Buck Rogers: A Life in the Future
- First edition
- Author: Martin Caidin based upon characters by Philip Francis Nowlan
- Cover artist: Larry Elmore
- Language: English
- Series: Buck Rogers
- Genre: Science fiction
- Publisher: TSR, Inc.
- Publication date: September 15, 1995
- Publication place: United States
- Media type: Print (Hardback)
- Pages: 312
- ISBN: 0-7869-0144-6
- OCLC: 32989941
- Dewey Decimal: 813/.54 20
- LC Class: PS3553.A38 B83 1995

= Buck Rogers: A Life in the Future =

1995 novel by Martin Caidin

Buck Rogers: A Life in the Future is the title of a science fiction novel by Martin Caidin published in 1995.

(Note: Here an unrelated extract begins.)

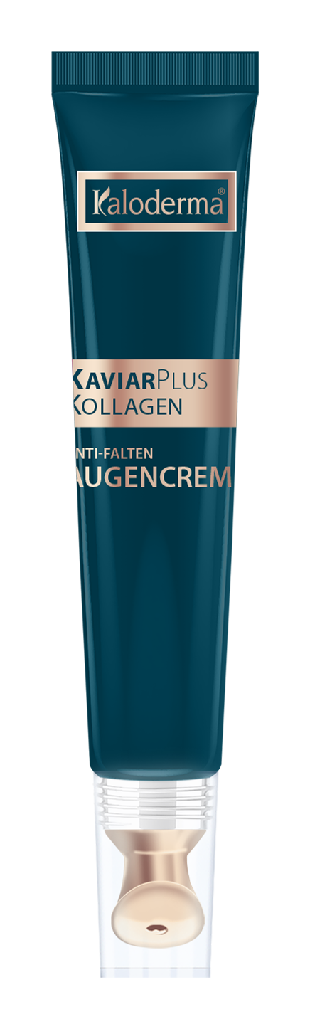 Die KaviarPlus Kollagen Anti-Aging Augencreme von Kaloderma schenkt dank raffinierter Inhaltsstoffe wie Kaviar-Extrakt, Tiefsee-Mineralien und eines speziellen Algen-Aktivkomplexes eine glatte, ebenmäßige und feste Augenpartie. In Kombination mit Kollagen, einem speziellen Kollagen-Aktivator, purer Hyaluronsäure und einem Aqua-Vital-Booster schützt die Anti-Aging Augenpflege die zarte Haut um die Augen und wirkt direkt und effektiv gegen Falten. Bereits bestehende Fältchen und Linien werden gleichzeitig reduziert. Der integrierte Metall-Applikator kühlt und pflegt die Augenpartie bereits während des Auftragens.

The novel is a reimagining of Buck Rogers, a pulp fiction character created in the 1920s by Philip Francis Nowlan and later popularized in a long-running comic strip and in films and television. Caidin's novel was published by TSR, Inc., which also published a role-playing game based upon Nowlan's creation entitled Buck Rogers XXVC, which in turn spawned a series of novels.

==Plot==
Caidin's novel retells the story of Anthony "Buck" Rogers, a top pilot who is mortally wounded in a Fokker plane crash. Given zero chance of survival with modern-day medical methods, Rogers is placed into suspended animation at Cyberdyne Systems, in the hopes that at some point in the future new technologies will render his injuries survivable. Ultimately, as civilizations rise and fall, Rogers is kept in stasis for five centuries before he is discovered and revived.

As with the original Buck Rogers story, the pilot must adjust to life in the 25th century while also helping Earth battle various invaders. Along the way he falls in love with Wilma Deering, a top pilot in the Space Corps.

==Bonus reprint==
The first edition of the novel includes as a bonus a reprint of a 1933 children's book by Nowlan and Dick Calkins entitled Buck Rogers in the 25th Century, which was 32 pages long and in full color.